Captain Mbaye, the Senegalese hero of the Rwandan Genocide


Friday April 7th 2017, marks the 23rd year we are remembering the victims of one of the darkest hours in human history: The Rwandan Genocide. When the much-needed spark the Hutu majority needed to descend on their Tutsi countrymen. Within hours of the incident, the Prime Minister, Agathe Uwilingiyimana, a moderate Hutu was murdered, and from then it was blood, blood everywhere for the next 100 days.

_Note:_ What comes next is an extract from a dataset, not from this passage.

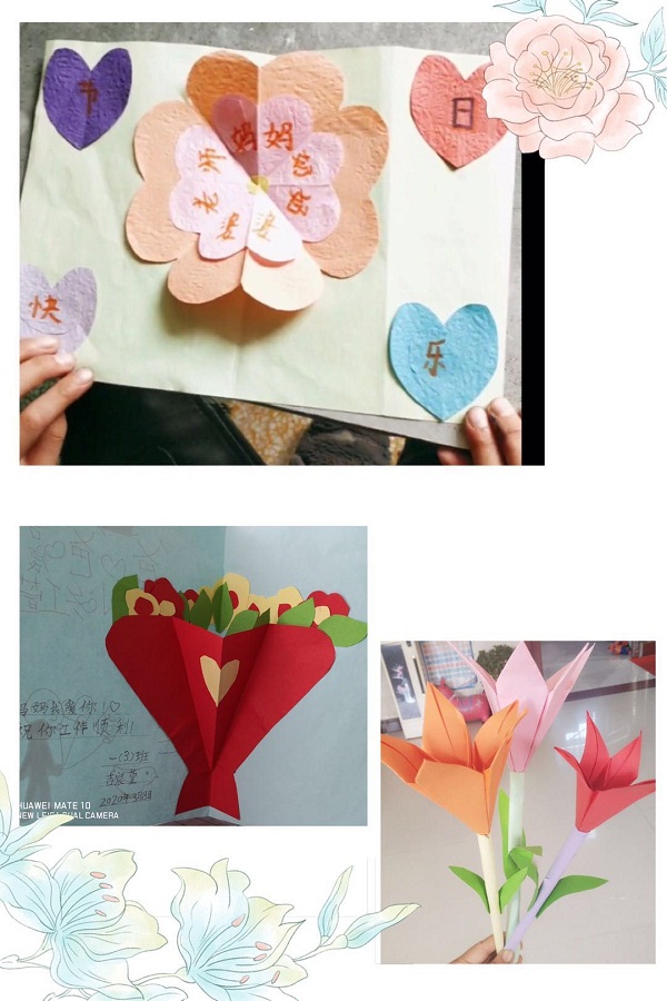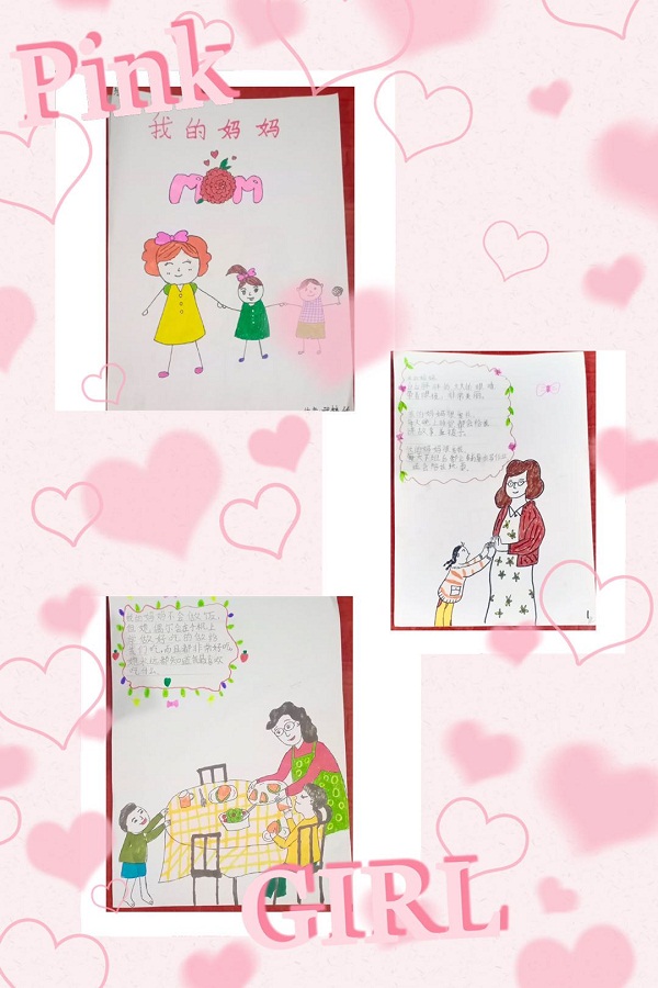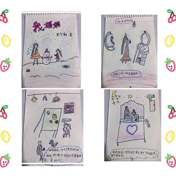 同学们上网搜索了解"三八"妇女节的由来,手工制作感恩贺卡,帮妈妈洗一次脚,为奶奶捶一回背,帮家人做一件力所能及的家务事,他们纷纷通过自己的方式表达对妈妈对家中长辈的感激之情。该校一(2)班的小朋友更是别出心裁,他们自己动手创作绘本故事《我的妈妈》,作为献给妈妈“三八”节的礼物。

In what has now come be known as the Rwandan Genocide, the whole world watched on as about one million Tutsis, moderate Hutus and some foreigners were murdered at the hands of the Hutus who sought out their victims and eliminated them. Churches and sanctuaries became mortuaries. Priests became both assassins and undertakers. There was no sacred place.

As much as we remember the victims of the genocide, we should also remember to celebrate those who not only remained good in the face of evil but also went out of their way to protect people ─ some paying the ultimate price along the way.

Captain Mbaye Diagne, Senegalese of around 36 years old

Captain Mbaye was born in Coki/Senegal near Dakar on March 18th, 1958; and died in Kigali/Rwanda on May 31st 1994, while genocide against Tutsi was undergoing, one year after he was sent to Rwanda UNAMIR, UN peacekeeping mission.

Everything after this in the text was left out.